Little did Steven Van Slyke ’78 know when he started working at Kodak that his first assignment would become his life’s work.

In the months before Van Slyke arrived at Kodak, a scientist working there had discovered that applying voltage to an experimental organic solar cell caused it to emit light. While unsure what Kodak could do with the discovery, management decided to investigate further. That’s why they hired Van Slyke.

Nearly 40 years later, technology based on that phenomenon is used for the displays of more than half of the one billion smartphones manufactured annually. And organic light-emitting diodes (OLEDs), as the technology is known, have an even brighter future, promising to enable curved and folding smartphones, better-quality television screens than today’s liquid crystal displays (LCDs), more pleasing room lighting, and brilliant fashion statements via OLED clothing.

Van Slyke and his former Kodak boss and lab partner, Ching Wan Tang, made all of this possible with their invention of the multilayered, thin-film structure that underlies every OLED development to date. For that invention—and a few decades of OLED innovation— Van Slyke was inducted into the National Inventors Hall of Fame on May 3. Tang and Van Slyke were inducted together.

Growing up, Van Slyke didn’t show signs of being a hall-of-fame inventor, and the “must-have” in his college search was a lacrosse team, a sport Van Slyke excelled at in high school.

Indeed, he was a two-year starter on IC’s lacrosse squad before quitting to focus on getting the grades he’d need for graduate school. He gravitated to a chemistry major, in part, because he liked the faculty’s youthful energy. He subsequently spent two summers working with them on solar energy in the lab under William Bergmark.

“I have great memories of the work and the summers spent in Ithaca, making good friendships with classmates and professors,” Van Slyke said. “And I got a fantastic chemistry education.”

After graduation, he was a week away from beginning his PhD studies when he decided he’d “had enough of school,” he said. He called Bergmark for employment recommendations. Kodak topped the list.

For his first 15 years at Kodak, Van Slyke explored the fundamental science of electroluminescence. His joint paper with Tang describing this work, “Organic Electroluminescent Diodes,” has more citations than any paper in the field—15,000 as of 2017.

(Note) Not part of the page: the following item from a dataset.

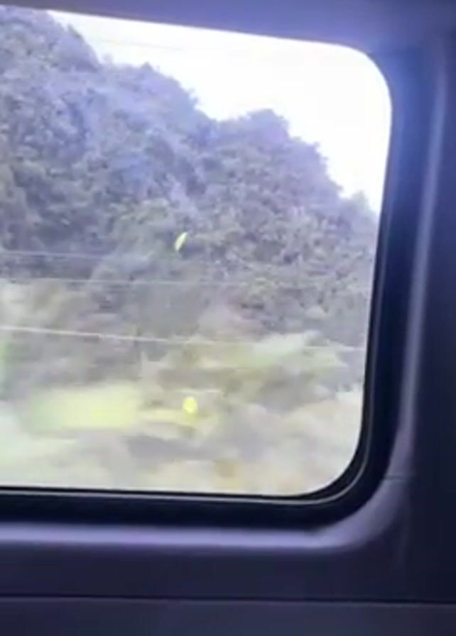 view out of a train window. Lush green foliage and trees are visible, and in the distance, a forested hill rises. The train appears to be moving at a moderate speed. The sky is overcast and bright. The window frame is dark gray.

In the mid 1990s, Van Slyke’s focus shifted to process engineering, scaling the technology for manufacturing and working with Asian companies interested in commercializing it. In 1996, he facilitated technology licensing to Pioneer for the first commercial OLED application: a monochrome car audio display. And he helped arrange a joint venture with Sanyo to manufacture the world’s first commercial full-color OLED display for the Kodak EasyShare LS633 digital camera in 2003.

Kodak sold its OLED intellectual property in 2009, and Van Slyke soon joined Silicon Valley startup Kateeva as chief technology officer. Now living in Pittsford, New York, with his wife, Sharon, he continues to lead Kateeva’s development of next-generation manufacturing technology aimed at cost-effective production of large-scale panels for next-generation OLED televisions.

Reflecting on his career, he said, “I loved the technology as soon as I started working with it. There were always challenges, but we were always making advances. And everything we did was new and promising.”

Indeed, from a faint glimmer of light in the lab, Van Slyke and his partner developed and shepherded to market a technology that promises to transform our culture’s communication devices and indoor lighting systems. That’s quite a legacy—and the best may be yet to come.